The conditions noted above are an outgrowth of differences between professional disciplines with respect to their traditional concepts of value. The CPA profession normally deals with the concept of 'fair market value' while the professional real estate appraiser deals primarily with 'market value'.  They are not the same.  Neither are they 'nearly the same' as indicated in numerous IRS publications and guidelines for valuators. 

To pretend that fair market value and market value are 'similar' is the same as saying that an apple and an orange are similar, with an inference that their values should accordingly also be similar.

Unfortunately Treasury Department regulations use the concept of fair market value in each of their several different “fair market value” definitions.

Depending on whether the appraisal is for an estate, gift tax, non cash charitable donations or conservation easements, the definition of value will differ. An outside appraiser, CPA or attorney can easily research Treasury regulations or the Internal Revenue Code and still not find the correct definition of value applicable to the issue at hand. This alone can cost taxpayers millions of dollars.

Many appraisals performed with the intent of providing support for a specific value which is in turn reported by a taxpayer, are rejected for no reason other than misunderstanding the required definition of value.

The problem is an easy one to resolve. Either apply USPAP across the board OR isolate the types of appraisals that may be performed by each profession, by federal statute.

The question is why the IRS does not ask congress to do so. They are well aware of the problem. 

I believe based on experience that congress will ultimately be forced to resolve what the appraisal and accounting professions cannot or will not resolve. Neither is wrong in their core beliefs. Both sides have merit to their arguments.

The real estate appraiser that completes real property OR business appraisals / valuations must by law, conform to the requirements of USPAP.  The CPA, attorney or probate referee who perform appraisals of real estate or real estate interests is under no similar obligation as long as it is only done for tax purposes.

Most taxpayers are unaware of the controversy or the risk to themselves as a result.

The biggest question is whether you want to risk your own (or client’s) deduction on a marginal quality, overly optimistic (or unrealistically conservative), low bid appraisal? Do you want to trust that your five, ten or hundred million dollar claimed credit / deduction has been based on a fully supported, discount priced appraisal?

It is not enough that the appraiser, CPA or other “valuator” tell you they have performed estate related appraisals in the past. At a minimum make them prove that they understand the IRS & Treasury Regulations  concept of fair market value as opposed to market value; and that their report will provide the former

If fractional interest discounting is involved, or likely to be, then ask what weight they place on partition costs in developing their discount. The IRS relies on this above all other methods for Tenant in Common partial interests, yet valuators continue to cite “court cases” as a methodology; or Partnership Profiles, or Market Studies that are thirty years out of date rather than to adapt to this known criteria.  (This is discussed further in the appropriate web sub-pages).

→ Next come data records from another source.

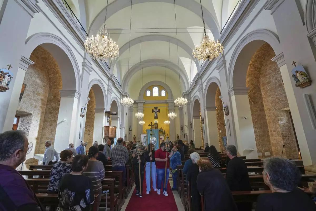 Faithful follow a traditional procession on the Feast Day of St. George in St. George Church in the Maronite village of Kormakitis in the breakaway north of the ethnically divided Cyprus on Wednesday, April 23, 2025. (AP Photo/Petros Karadjias)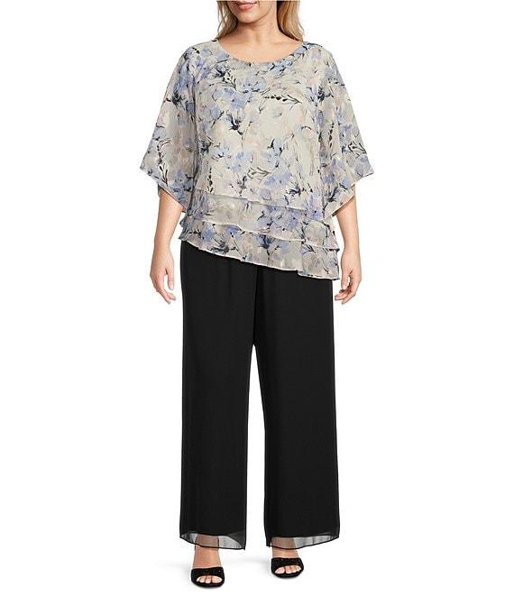 From Alex Evenings Plus, this blouse features: Chiffon fabrication Boat neckline 3/4 sleeves Lined Floral print Asymmetric tiered hem Pullover construction Approx. 25.625" in center back length Polyester Hand wash Imported.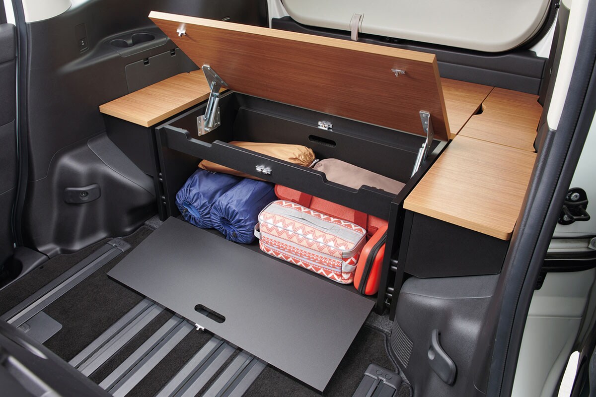 アウトドア・アイテムなどの趣味の道具を整然と積めるだけでなく、災害時の非常持出し用品の保管場所などとしても活用できる。また、ボックス上にも荷物を乗せることができ、荷室を上下の空間で有効活用ができるほか、ボックス上面の天板の一部を持ち上げてテーブルとして使用でき、ボックスをベンチにして食事やデスクワークなどにも活用できる。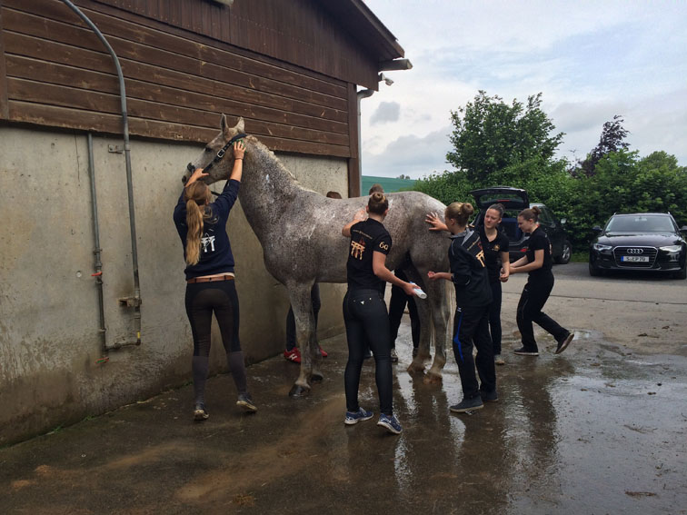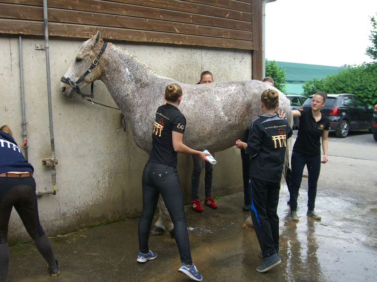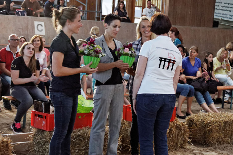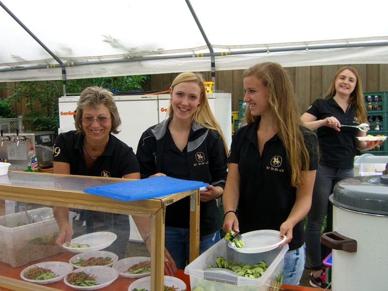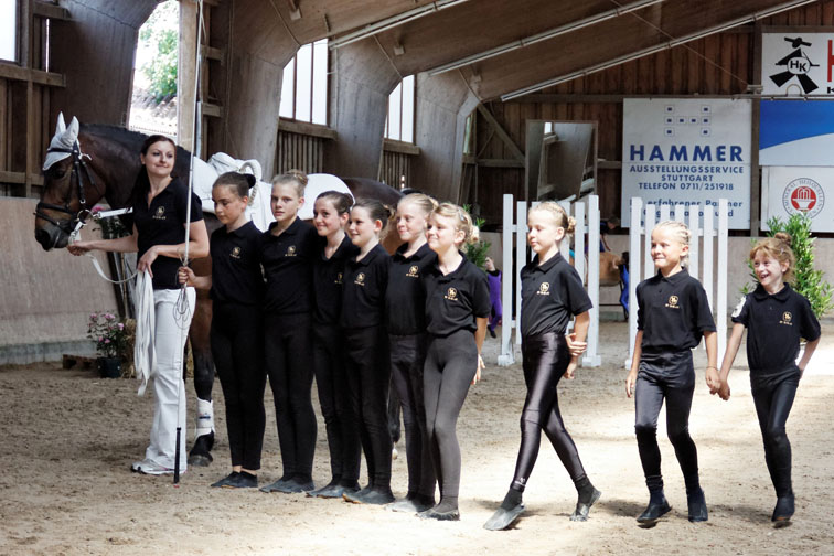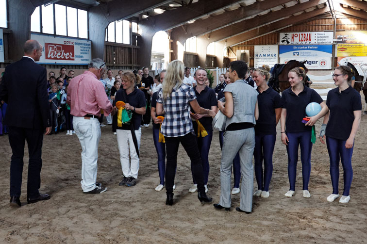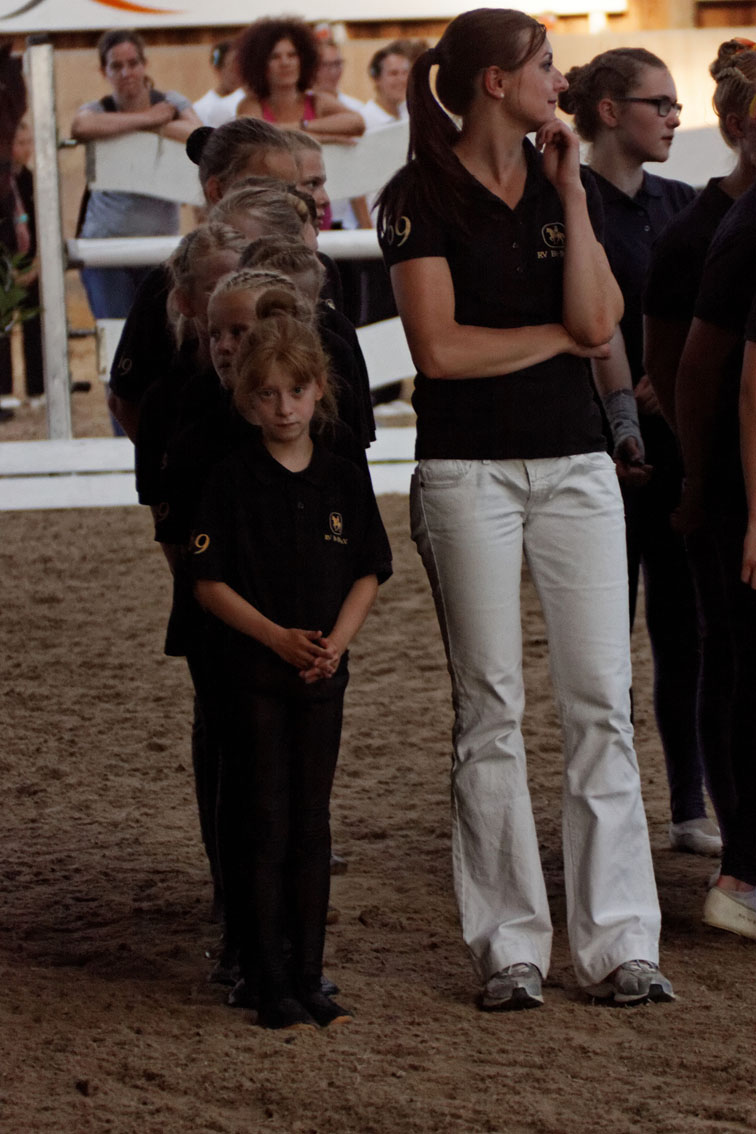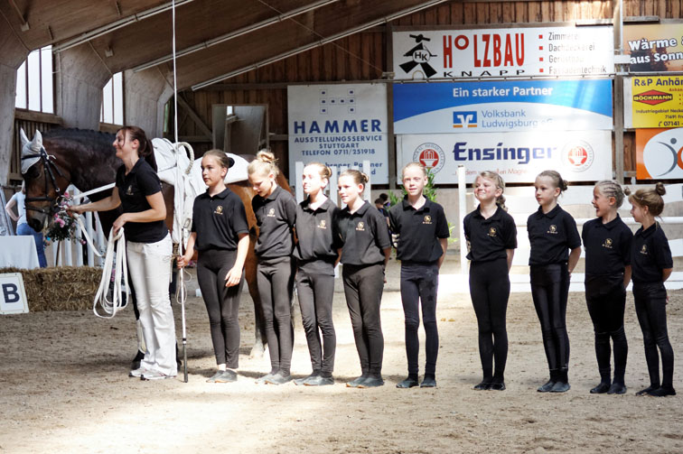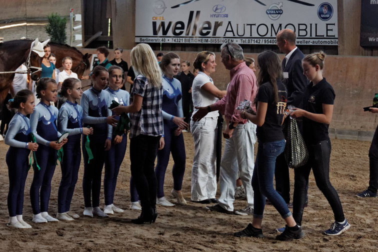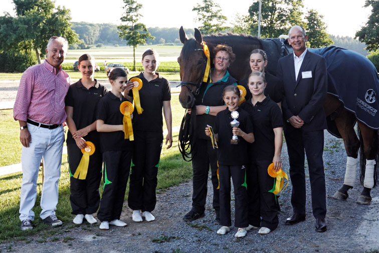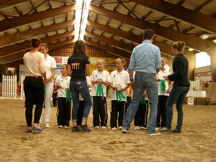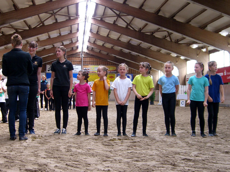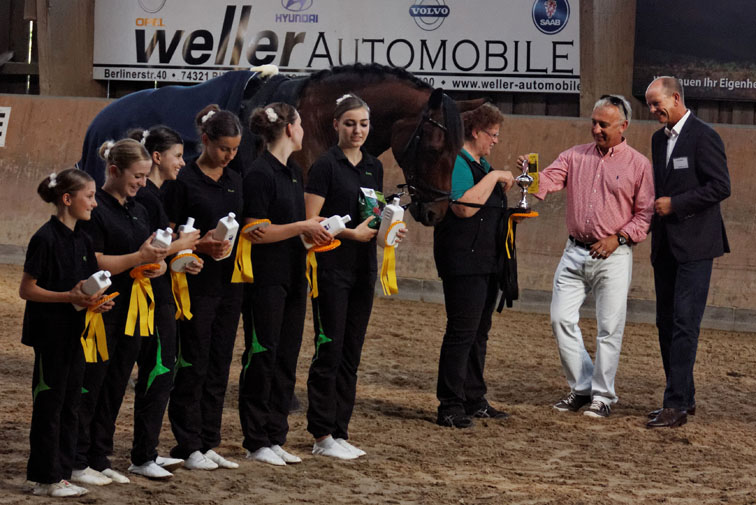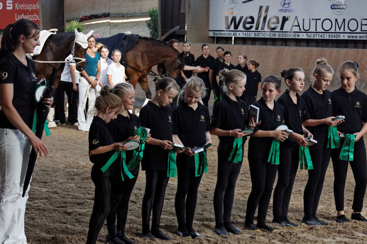 Während die erste Mannschaft des Vereins leider aufgrund ihres kranken Pferdes nicht starten konnte, genossen die anderen drei Mannschaften sichtlich ihren Start vor heimischer Kulisse. Die zweite Mannschaft (Klasse L) erreichte mit ganz vielen neuen Gesichtern in dieser Saison eine 5,1 (Platz 7), die dritte Mannschaft (Galopp/Schritt) eine 4,3 (Platz 4) und die vierte Mannschaft (Schritt/Schritt) eine 4,1 (Platz 3). Für viele Sportler war es der erste Turnierstart, den sie gleich toll gemeistert haben.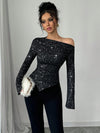 Dettaglio : Asimmetrico, Orlo di paillettes, Plissettato
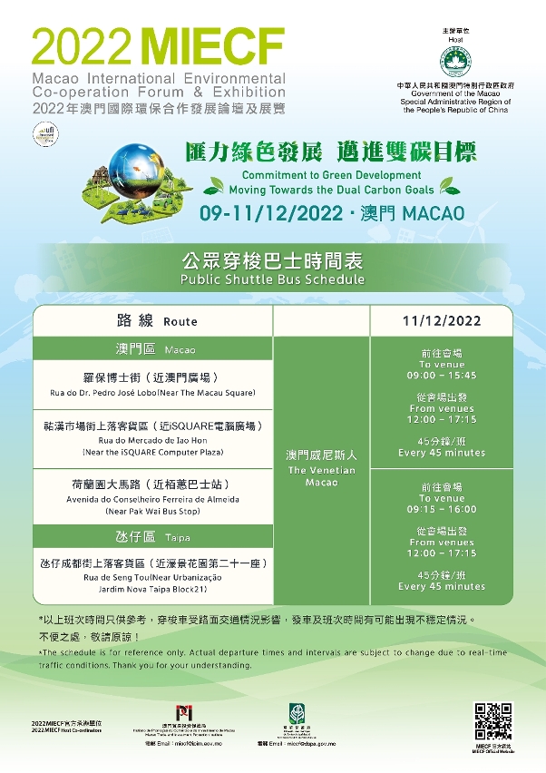 The last day of the event (11 December) will be Green Public Day. It will be open to the public for free entry. A series of environmental protection promotion and education activities will be staged during the 2022MIECF to raise public awareness of environmental protection and encourage the public to take the initiative to protect the environment. Four electric shuttle bus routes will be provided between Central Macao, Northern Macao, and Taipa and the MIECF venue on the Green Public Day to encourage the public to travel green.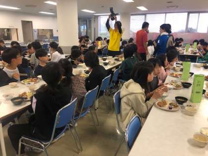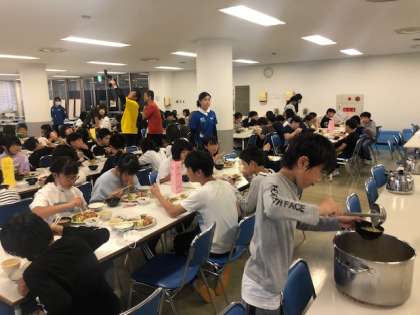 夕食の様子です。カッター活動にアスレティック。たくさん体を動かしたので、お腹はぺこぺこです。

All appraisals I perform will comply with both USPAP and accepted business valuation practices as applicable. Each is prepared with the specific Treasury Regulations; IRC and IRS Appraisal guidelines applicable to the issue. They will also contain all the support required for the value opinion(s) reported.

Cross reference is suggested to my Definitions of Value web page.

Nothing contained within this page is intended to provide specific tax advice for individuals or corporations. All taxpayers should consult their qualified accountants and attorneys for advice specific to their circumstances.

* The taxpayers privacy (and law) has been violated by the manager that made the disclosure. I will not repeat the unauthorized disclosures to me, herein. This was not my case, and the manager should not have discussed it in so much detail, that the company involved was identified.